Because a daily caster can choose to go nova or not, any particular encounter can be trivialized. This choice that dailiers have makes combat math difficult or impossible.
Math is not unreliable, it is more reliable. Balancing around full-resource encounter whilst keeping the fights still challenging means the game becomes very randomly deadly. Or alternatively fights become pointless.
In other words, little or no combat math.
And if you assume attrition, there is no reason why you cannot balance different classes with it.
During 4e and 2014, player feedback was often highly resistant to giving Fighters daily powers because it felt too magical for them.
Maybe in 2024, the Proficiency Bonus times per day is a compromise, but this comes with very much bookkeeping if a number of Fighter powers work this way.
How about healing? Is it impossible for characters to sustain injuries that could not be instantly shrugged off in most fantasy fiction?

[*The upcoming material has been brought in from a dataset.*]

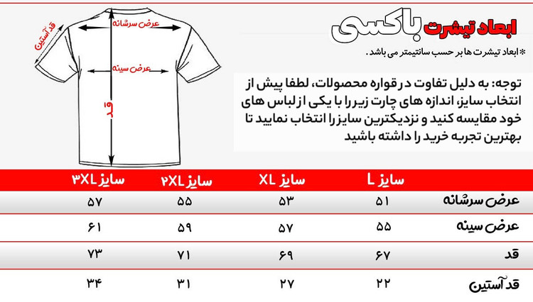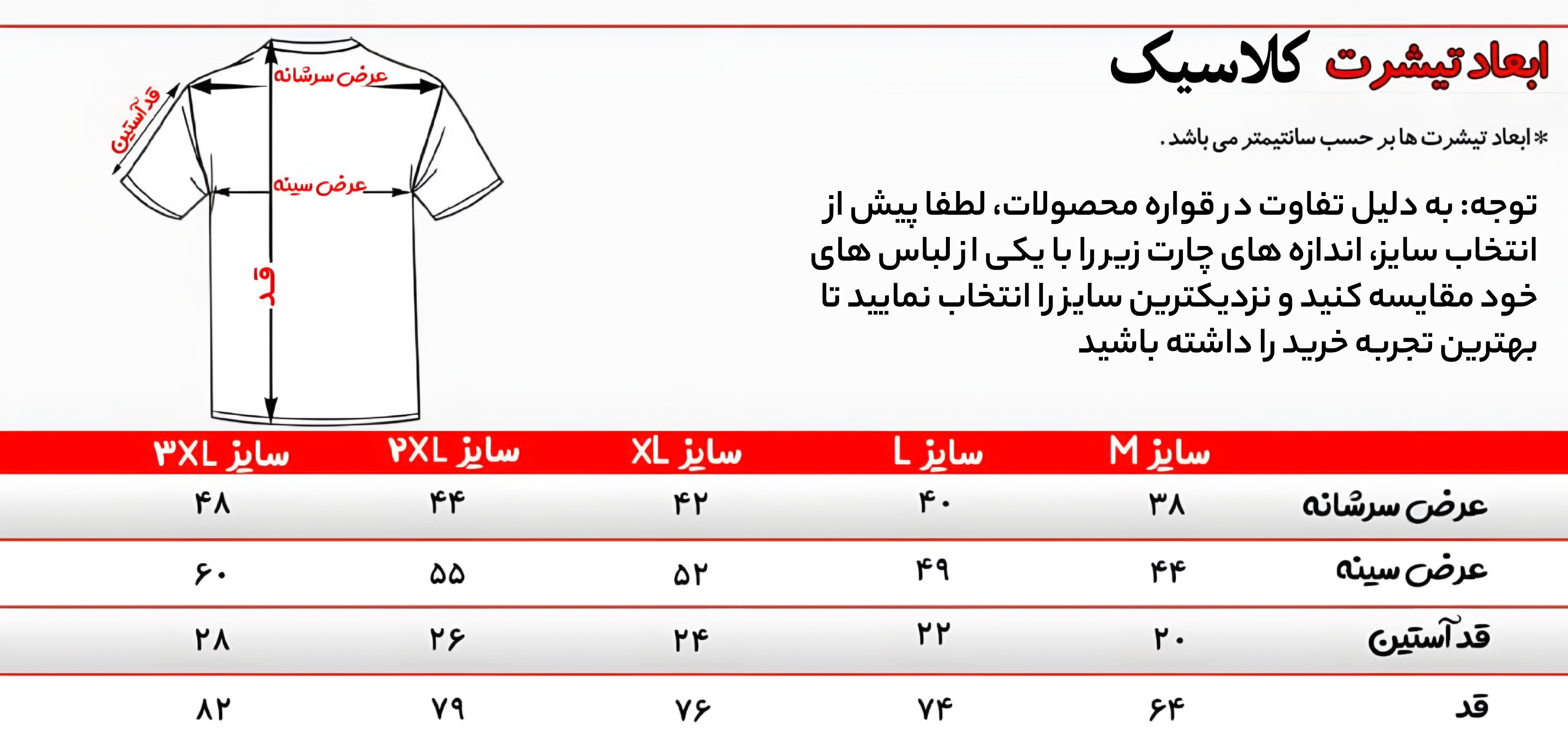 جنس تیشرت: کلاسیک: صددرصد نخ پنبه و باکسی: پنبه صددرصد

Healing is its own narrative and balance issue. After 4e, 2025 seems to be getting used to the idea of spending hit dice. Also, I like the way the new Exhaustion mechanic works. As DM I can impose it without feeling too guilty, and it might signify injuries once reaching zero hit points, without too much of a death spiral.
Then again, there are still no "broken bones" in D&D, mechanically speaking.
TV shows are not games and more importantly they are not games that involve multiple people. While RPGs lean on genre conventions, they also have to produce unpredictable outcomes. Perhaps a storygame where you have better control over the narrative would be more enjoyable?
Sure, but if you are arguing from the perspective of good game mechanics, then wonky disparity between Fighter and fullcasters is dubious.